Sending your committed changes to the remote server.

BASH
# Push the 'main' branch to 'origin'
git push origin main

Fetching vs. Pulling

  • Fetch: Downloads new data from the remote repository but does not integrate it into your working files. It updates your remote-tracking branches (e.g., origin/main).
    BASH
        git fetch origin
        
  • Pull: Fetches the data and immediately merges it into your current local branch.
    BASH
        git pull origin main
        

    Equation: git pull = git fetch + git merge

6. Git Workflow

A Git workflow is a recipe or recommendation for how to use Git to accomplish work in a consistent and productive manner.

1. Centralized Workflow

  • Mimics SVN.
  • Everyone pushes to the main (or master) branch.
  • Pros: Simple for small teams.
  • Cons: High risk of conflicts; no code review process.

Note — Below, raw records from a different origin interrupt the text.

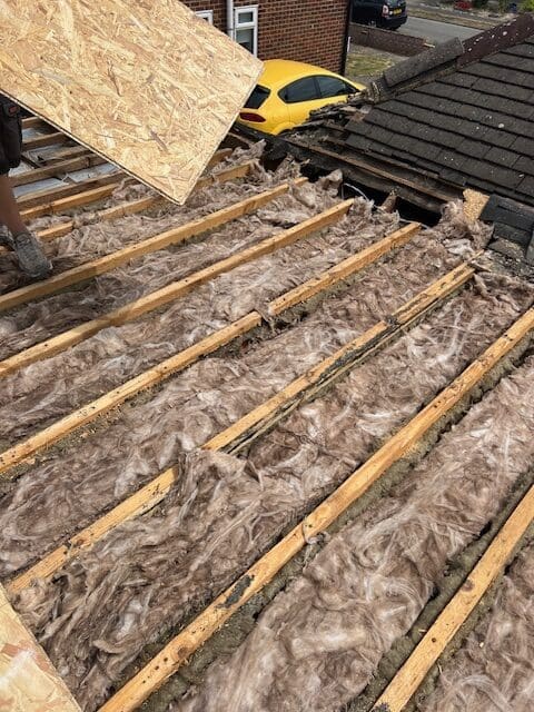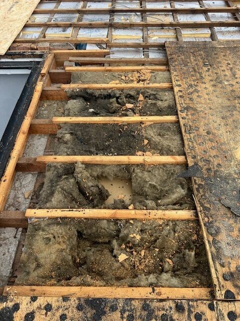 GPM stripped the failing flatroof up exposing the roof rafters. We installed new rockwall insulation before the installation of the new OSB boards.
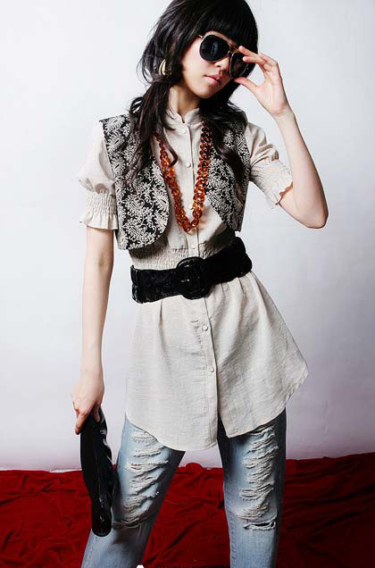 黑色腰带强调个性感,塑造不俗的焦糖布丁味道
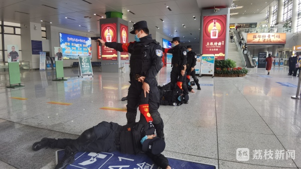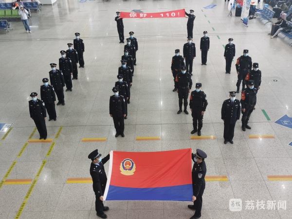 在南京站北进站大厅,南京铁路特警支队用战术射击枪操酷炫开场,气氛瞬间拉满。战术操结束后,全体民警快速集合,利用“快闪”的形式组成“110”的图案,献礼第二个人民警察节。
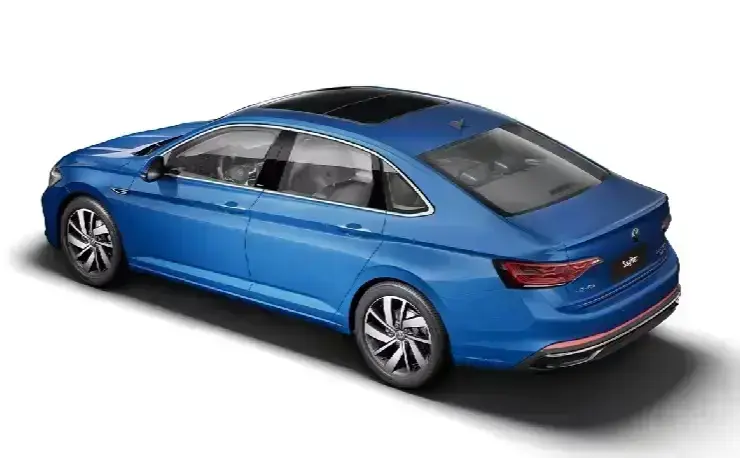 從側面看,速騰300超越版輪廓流暢自然,融合了諸如懸浮式車頂、鯊魚鰭天線等潮流設計元素,刀鋒狀五幅式輪轂與微微側傾的車身相結合,激發出不錯的運動氛圍。此外,速騰300超越版的腰線刻畫極為凌厲,延伸到與前大燈采用呼應設計的尾燈,整體呈現出不錯的視覺效果。
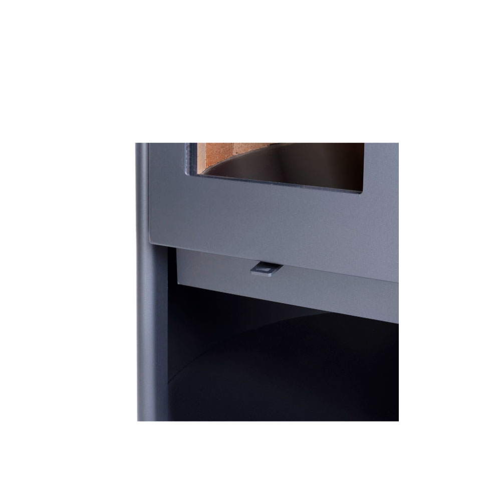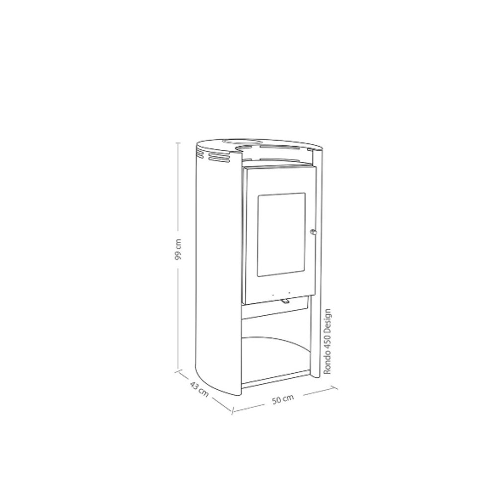 El diseño inteligente de la Rondo 450 Design Amesti no sólo se limita a su eficiencia y a su estética, sino que también ofrece un compartimiento para leña con base y un cenicero

2. Feature Branch Workflow (Industry Standard)

  • The main branch represents the official project history.
  • Developers create a new branch for every new feature or bug fix.
  • Process:
    1. Create branch feature-x from main.
    2. Work, stage, and commit on feature-x.
    3. Push feature-x to remote.
    4. Open a Pull Request (PR) to merge feature-x into main.
    5. Review code, resolve conflicts, and merge.
  • Pros: Keeps main clean; enables code review; isolates features.

3. Gitflow Workflow

A strict branching model designed for project releases. It uses specific branch roles:

  • Main: Production-ready code.
  • Develop: Integration branch for features.
  • Feature: Created from Develop, merged back to Develop.
  • Release: Created from Develop to prepare for production.
  • Hotfix: Created from Main to fix urgent production bugs.

4. Forking Workflow

  • Used in Open Source projects.
  • A developer does not have write access to the main repository.
  • They fork (copy) the repo to their own GitHub account.
  • They clone their fork, make changes, and push to their fork.
  • They create a Pull Request from their fork to the original repository.